Ante estas confidencias, el joven Taguchi comienza a contarle los sentimientos más angustiosos de su vida y que son los que le han llevado a alejarse de la sociedad en un intento de acallar su conciencia. Le habla de su amigo Kumakoto Akira, un joven inteligente que quería ser poeta y a quien la incomprensión de su familia y de sus compañeros le llevaron a plantearse el suicidio. De hecho, convocó a Taguchi para que asistiera a su suicidio y cuando le vio llegar se lanzó debajo de los automóviles. Este suicidio junto con el asesinato de su amiga y vecina, Yukiko Miyajima, la niña nieve, le causaron un terrible dolor.

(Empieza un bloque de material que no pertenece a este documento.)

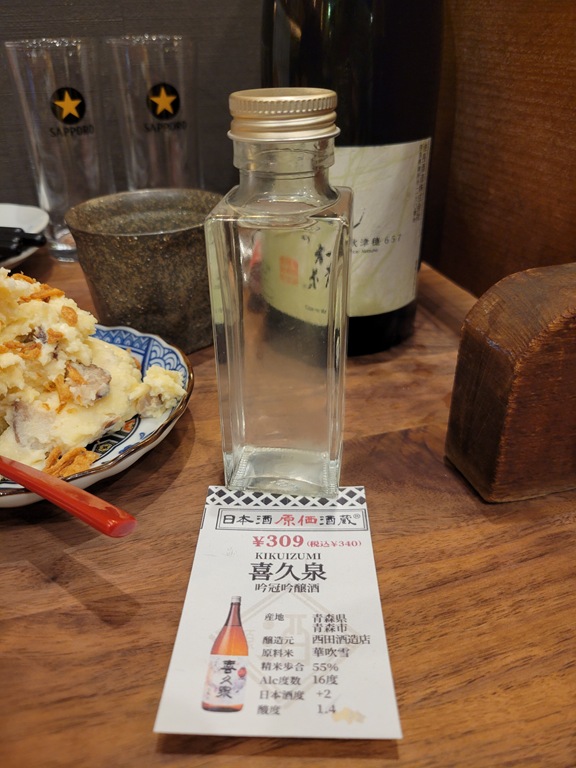 まずは水が美味しいであろう東北のお酒「喜久泉」を注文。

Yukiko vivía con su familia en unas condiciones tercermundistas. Los compañeros la rechazan por el olor. Las agresiones suben de intensidad y terminan con su asesinato.

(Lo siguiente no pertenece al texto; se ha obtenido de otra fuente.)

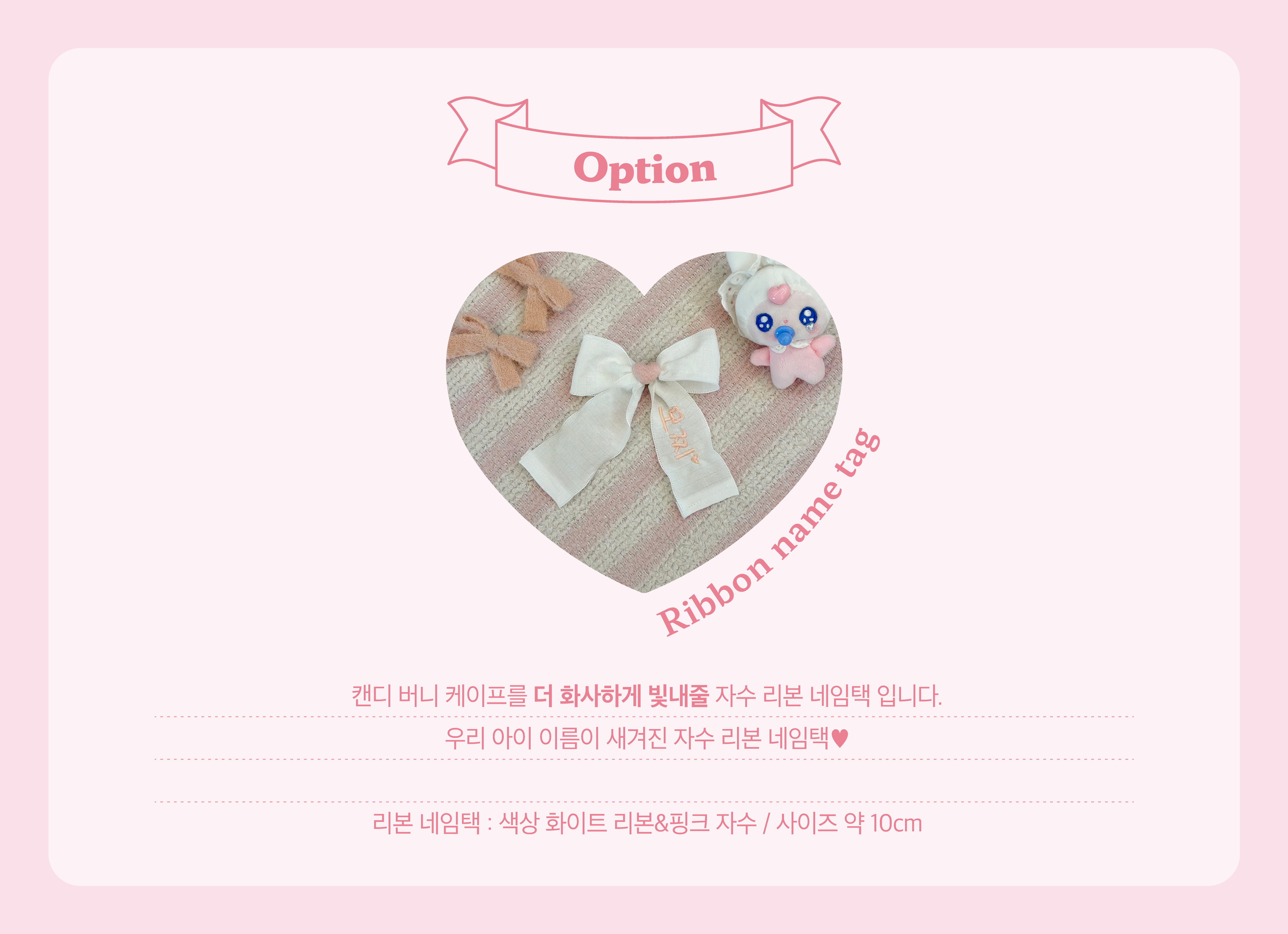 캔디 버니 케이프를 더 화사하게 빛내줄 자수 리본 네임택 입니다.

En los dos casos, el joven Taguchi se abstuvo de auxiliar a sus amigos. Miró para otro lado. Esa es la causa primera de su remordimiento y de su aislamiento.

Por su parte, el salaryman Tetsu, reconoce que el cansancio anímico que le llevó a dormirse en el trabajo se debía a la no aceptación de un hijo que había tenido con su esposa Kyoko y que nació con discapacidades. El niño vivió unos meses y él nunca lo tomó en brazos, ni le dedicó una caricia. Cuando murió el niño, Tetsu comprendió lo que suponía su actitud de rechazo y lo que había perdido.

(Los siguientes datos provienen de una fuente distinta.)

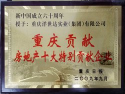 ? 2009年,洋世達(dá)集團(tuán)被評為新中國成立60周年“重慶貢獻(xiàn)?房地產(chǎn)十大貢獻(xiàn)企業(yè)”、“重慶市綠化先進(jìn)單位”、南岸區(qū)工商聯(lián)(總商會) 南岸區(qū)民營企業(yè)家協(xié)會2009年度優(yōu)秀會長單位、南岸區(qū)2008年度風(fēng)云企業(yè)評選年度招商企業(yè)、南岸區(qū)文明單位

Los diálogos y las confesiones de sus problemas personales les ayudan a admitir sus errores, a aceptar la realidad y a superar la situación de aislamiento en la que viven.

Imagen de polvorista

Ocurre a veces que comienzas a ojear un libro y casi sin advertirlo estás inmerso y contemplando un mundo cotidiano que te ha sacado del tuyo. Esto me ha pasado con “le llamé corbata”, para mí una joya literaria que te encuentras sin ser consciente. Además de la belleza con que Milena Michiko escribe, llena de cierta poesía y sobriedad, transmite los sentimientos, vacíos, soledades, heroísmos y miedos con una contundencia tal que al acabar una frase, tienes que pararte a saborearla: “Al igual que antes, la cuestión era estar solo. No quería encontrarme con nadie. Encontrarse con alguien significa implicarse. Quedar anudado a un hilo invisible. De ser humano a ser humano. Nada más que hilos. En todas direcciones. Encontrarse con alguien hace que te conviertas en parte de su tejido; precisamente esto era lo que trataba de evitar. (cap 8)” Al hilo de una conversación de gestos y miradas hasta que días más empiezan a manar las palabras, en esta breve novela se va desgranando la vida interior de dos personas singulares, Un Hikikomori: En Japón persona que se niega a salir de casa de sus padres, se encierran en su habitación y reducen al mínimo el contacto  con su familia. Y un Salaryman: En Japón, empleado varón de una empresa que se encuentran a diario en un parque. La alternancia de historias es desgarrada y al mismo tiempo conmovedora.